* GOAL OF THE EXERCISE *
Write out the listing below exactly, and omit any images you find in it.

* SOURCE DATA *
________
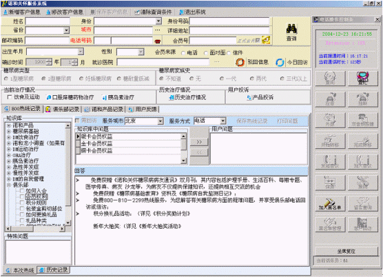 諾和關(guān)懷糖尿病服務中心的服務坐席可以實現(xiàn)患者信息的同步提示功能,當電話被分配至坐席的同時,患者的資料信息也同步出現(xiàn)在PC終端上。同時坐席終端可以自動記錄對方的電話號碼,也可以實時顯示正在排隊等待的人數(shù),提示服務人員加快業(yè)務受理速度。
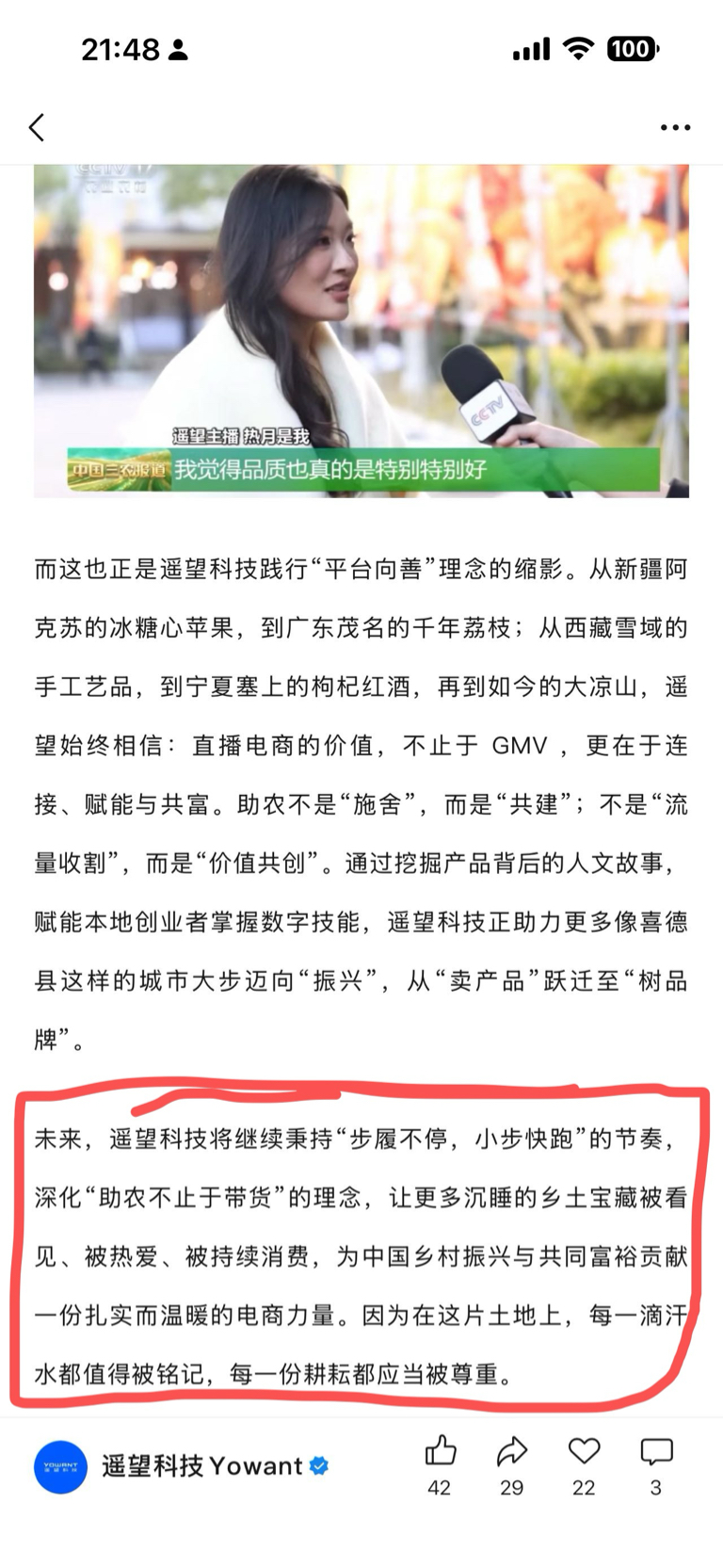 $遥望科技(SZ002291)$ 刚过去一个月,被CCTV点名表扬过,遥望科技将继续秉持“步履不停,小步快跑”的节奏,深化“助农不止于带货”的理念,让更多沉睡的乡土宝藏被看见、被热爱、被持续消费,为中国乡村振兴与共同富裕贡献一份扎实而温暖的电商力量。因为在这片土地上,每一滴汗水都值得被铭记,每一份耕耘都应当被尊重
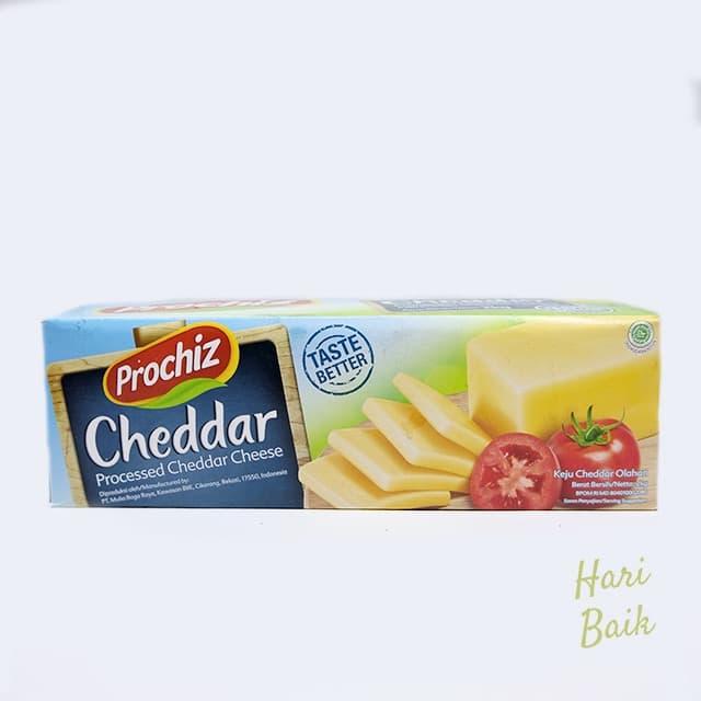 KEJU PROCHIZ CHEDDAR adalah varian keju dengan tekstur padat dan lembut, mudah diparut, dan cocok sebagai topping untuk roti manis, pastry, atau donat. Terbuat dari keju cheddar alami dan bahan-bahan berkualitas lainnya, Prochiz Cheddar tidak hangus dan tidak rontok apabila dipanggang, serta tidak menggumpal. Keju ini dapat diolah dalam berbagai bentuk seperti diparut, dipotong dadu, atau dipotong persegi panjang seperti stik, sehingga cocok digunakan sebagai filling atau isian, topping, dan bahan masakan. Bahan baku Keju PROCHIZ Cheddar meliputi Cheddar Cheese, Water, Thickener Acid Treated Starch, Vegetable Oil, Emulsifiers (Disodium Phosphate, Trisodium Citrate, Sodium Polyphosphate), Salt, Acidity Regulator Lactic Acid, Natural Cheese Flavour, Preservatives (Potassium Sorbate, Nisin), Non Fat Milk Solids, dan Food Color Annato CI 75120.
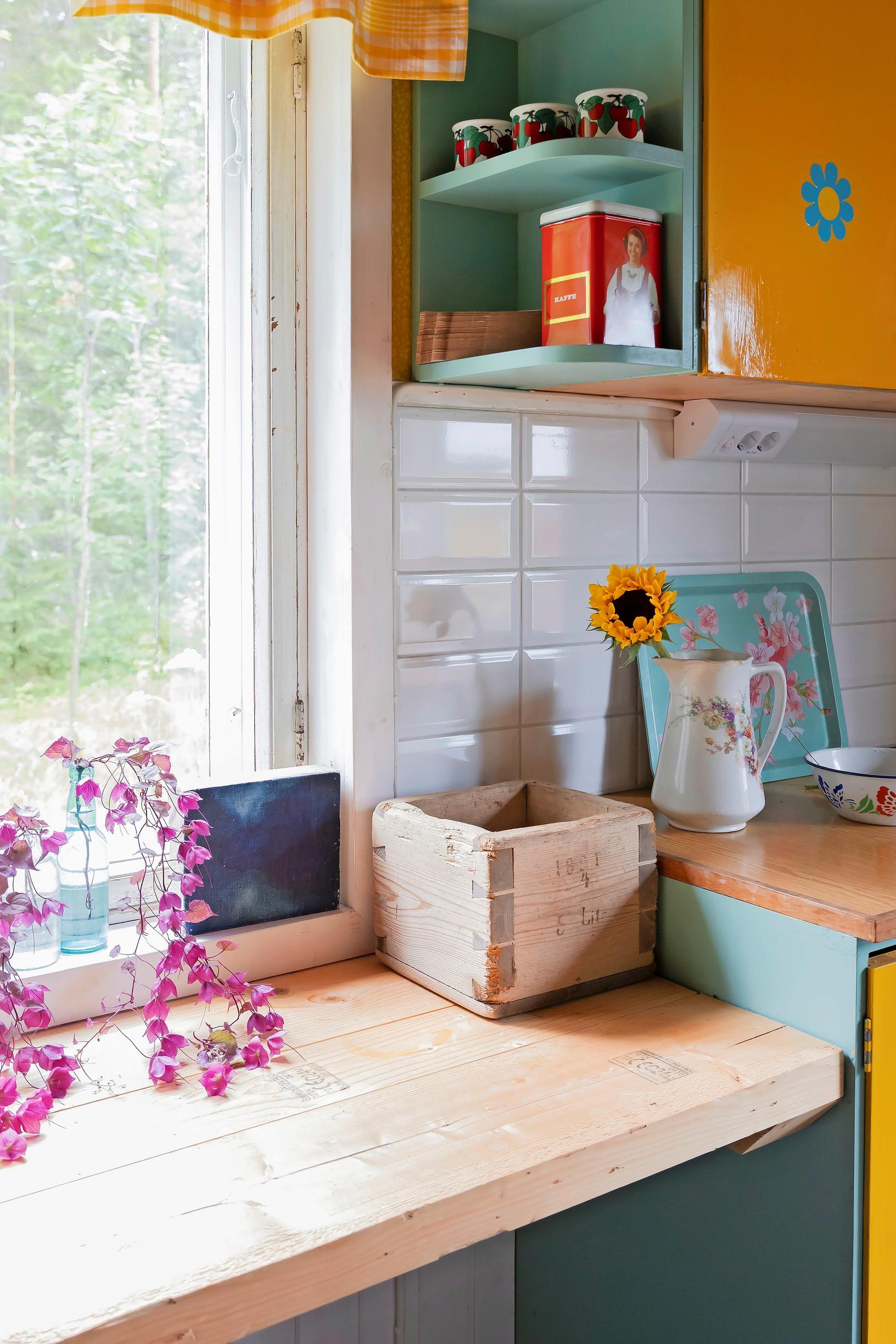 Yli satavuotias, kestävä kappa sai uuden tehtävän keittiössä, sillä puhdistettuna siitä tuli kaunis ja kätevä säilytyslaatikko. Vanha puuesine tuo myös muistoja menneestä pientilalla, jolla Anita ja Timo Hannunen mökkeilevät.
________
* REPLY *
 諾和關(guān)懷糖尿病服務中心的服務坐席可以實現(xiàn)患者信息的同步提示功能,當電話被分配至坐席的同時,患者的資料信息也同步出現(xiàn)在PC終端上。同時坐席終端可以自動記錄對方的電話號碼,也可以實時顯示正在排隊等待的人數(shù),提示服務人員加快業(yè)務受理速度。
 $遥望科技(SZ002291)$ 刚过去一个月,被CCTV点名表扬过,遥望科技将继续秉持“步履不停,小步快跑”的节奏,深化“助农不止于带货”的理念,让更多沉睡的乡土宝藏被看见、被热爱、被持续消费,为中国乡村振兴与共同富裕贡献一份扎实而温暖的电商力量。因为在这片土地上,每一滴汗水都值得被铭记,每一份耕耘都应当被尊重
 KEJU PROCHIZ CHEDDAR adalah varian keju dengan tekstur padat dan lembut, mudah diparut, dan cocok sebagai topping untuk roti manis, pastry, atau donat. Terbuat dari keju cheddar alami dan bahan-bahan berkualitas lainnya, Prochiz Cheddar tidak hangus dan tidak rontok apabila dipanggang, serta tidak menggumpal. Keju ini dapat diolah dalam berbagai bentuk seperti diparut, dipotong dadu, atau dipotong persegi panjang seperti stik, sehingga cocok digunakan sebagai filling atau isian, topping, dan bahan masakan. Bahan baku Keju PROCHIZ Cheddar meliputi Cheddar Cheese, Water, Thickener Acid Treated Starch, Vegetable Oil, Emulsifiers (Disodium Phosphate, Trisodium Citrate, Sodium Polyphosphate), Salt, Acidity Regulator Lactic Acid, Natural Cheese Flavour, Preservatives (Potassium Sorbate, Nisin), Non Fat Milk Solids, dan Food Color Annato CI 75120.
 Yli satavuotias, kestävä kappa sai uuden tehtävän keittiössä, sillä puhdistettuna siitä tuli kaunis ja kätevä säilytyslaatikko. Vanha puuesine tuo myös muistoja menneestä pientilalla, jolla Anita ja Timo Hannunen mökkeilevät.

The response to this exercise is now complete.